The report had listed the states as Abia, Akwa-Ibom, Bayelsa, Delta, Edo, Imo, Ondo and Rivers states.
The report, among other stakeholders, including the Deputy Senate President, Senator Ovie Omo-Agege, had indicted the governors of the states of mismanaging the funds, and called on the Federal Government to pay the money directly to the oil-producing communities, instead of the governors.
The Oil and Gas Producing Communities in Nigeria (HOSTCOM),in a statement, also said paying the fund through state governors, as currently done, was a gross violation of two mandatory provision of the 1999 constitution as amended and called on President Muhammadu Buhari to order for the direct payment of 13% derivation to the Host Communities, through the proposed Presidential Derivation Committee (PDC) and States Implementation Committee (SIC) .
Stating that the federal government is the second line charge, state government third line charge while local government is the fourth line charge, it said:
“The 1999 Nigeria Constitution made it very clear that 13% derivation fund is provided constitutionally and exclusively for the oil/Gas producing Communities primarily as compensation for lost of Fishing rights and productive Farmlands as a result of Oil/Gas exploration and production activities.
“Oil/gas is number 39 on the Exclusive Legislative List ‘’Mines and Minerals including oil fields, oil mining, geological survey and natural gas.
“It is instructive to note that any matter that is on the Exclusive Legislative List, it is only the President or Head OfState that has the prerogative and jurisdiction on all matter on the exclusive legislative list.
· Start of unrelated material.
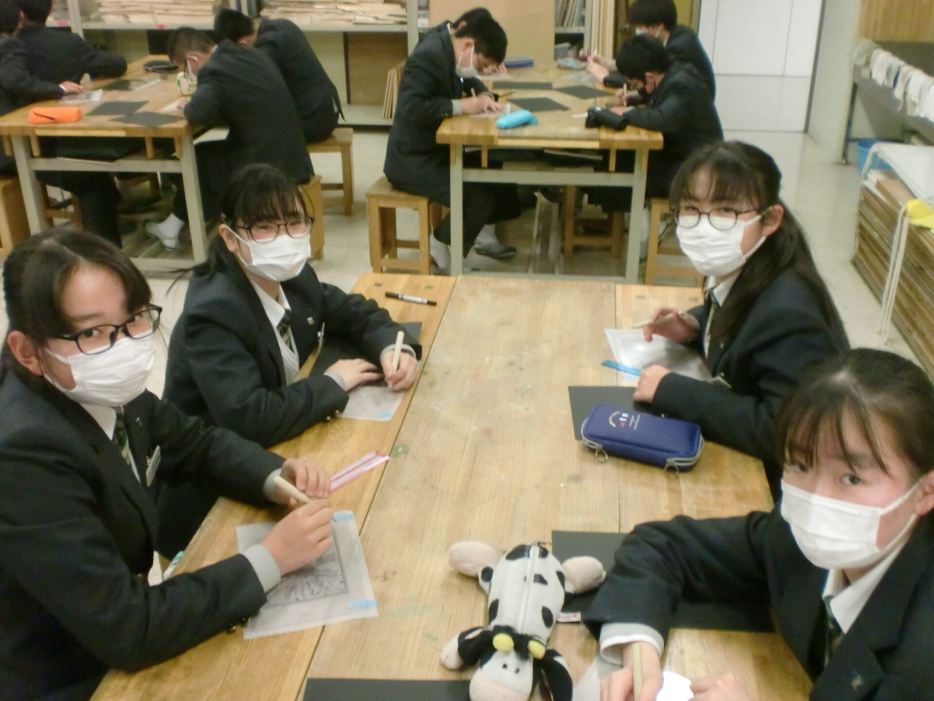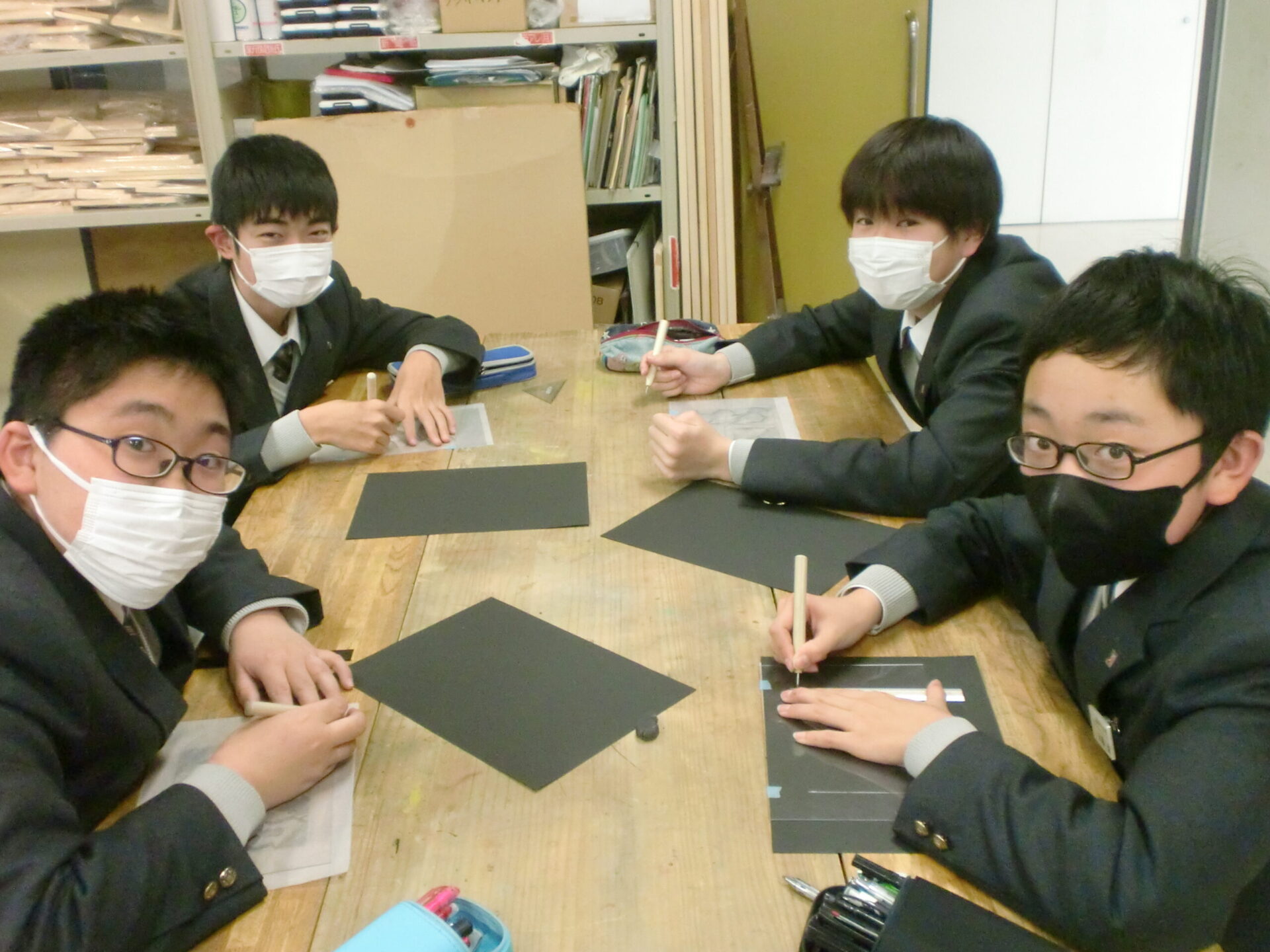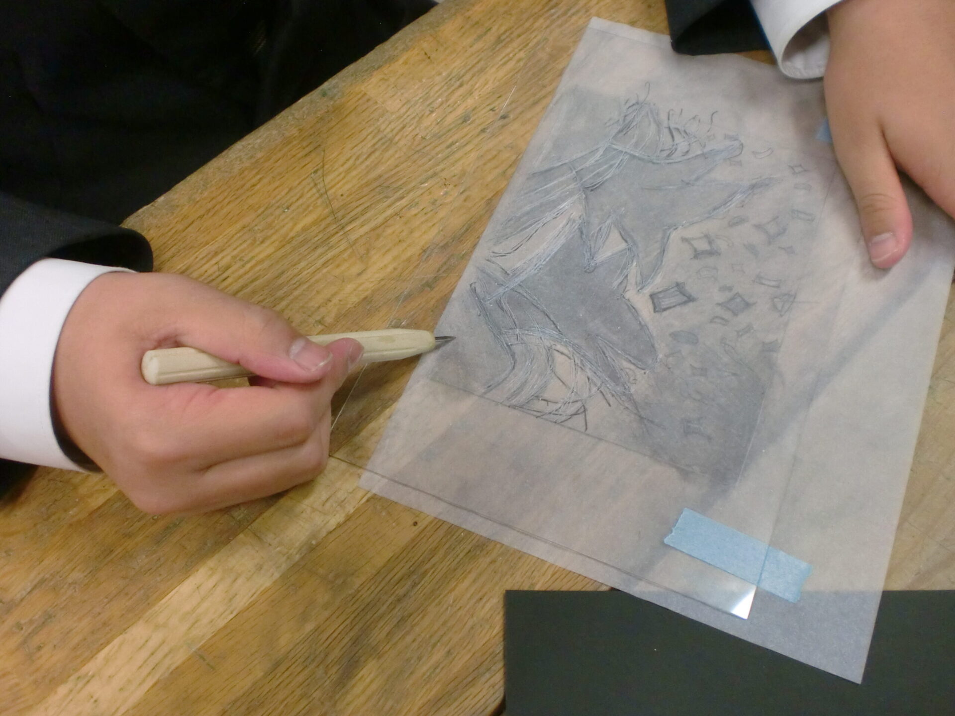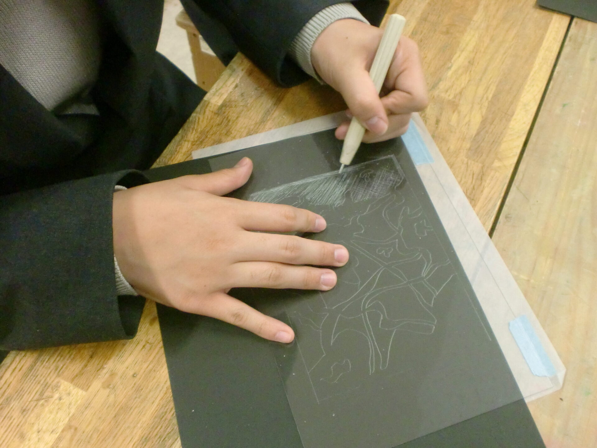 中学1年1組の5時間目の授業は美術です。「気持ちを表す抽象表現」をドライポイントの技法で制作します。今日から下描きを基に、アクリル板をニードルで彫る製版作業が始まりました。下描きを写しながらの作業ですが、絵を描くような新鮮な気持ちで取り組むことが大切です。生徒は夢中になって取り組んでいました。完成が楽しみです。

No governor or state assemblies can legislate on matters on the exclusive list”.
In a report by Energy Frontier, Omowumi Iledare, a Professor of Energy Economics, who is also Professor Emeritus, LSU Energy Studies, Baton Rouge, Louisiana, USA; so also the Executive Director, Emmanuel Egbogah Foundation Abuja, Nigeria and Director, Africa Region and Society of Petroleum Engineers International, Dallas faulted the continued payment of 13 per cent Derivation to state government of Oil producing areas or regions as there is nothing to show for in terms of developments in the regions.
He made this assertion while speaking at a recent Stakeholders forum in Lagos. According to him, In United States of America, they don’t give you cash instead they tie the money to developmental project in the community.
The Professor Emeritus decried the lack of development in the Niger Delta region especially in Warri. “Warri’s economy collapsed when Shell left Warri. The place has become a shadow of itself since Shell left Warri. Decades ago Warri was full of life, It was bubbling and people were enjoying themselves and the place was busy. But now it has become a shadow of itself,” he noted.
He stated that the quantum of money given to the Oil producing States has not impacted on the areas, communities and the people. It only succeeded in making some people millionaires in the place.
“13 per cent derivation should not go to the state governments of the oil producing regions, instead it should go to Sovereign Wealth Funds or Host Community Trust Funds,” he said.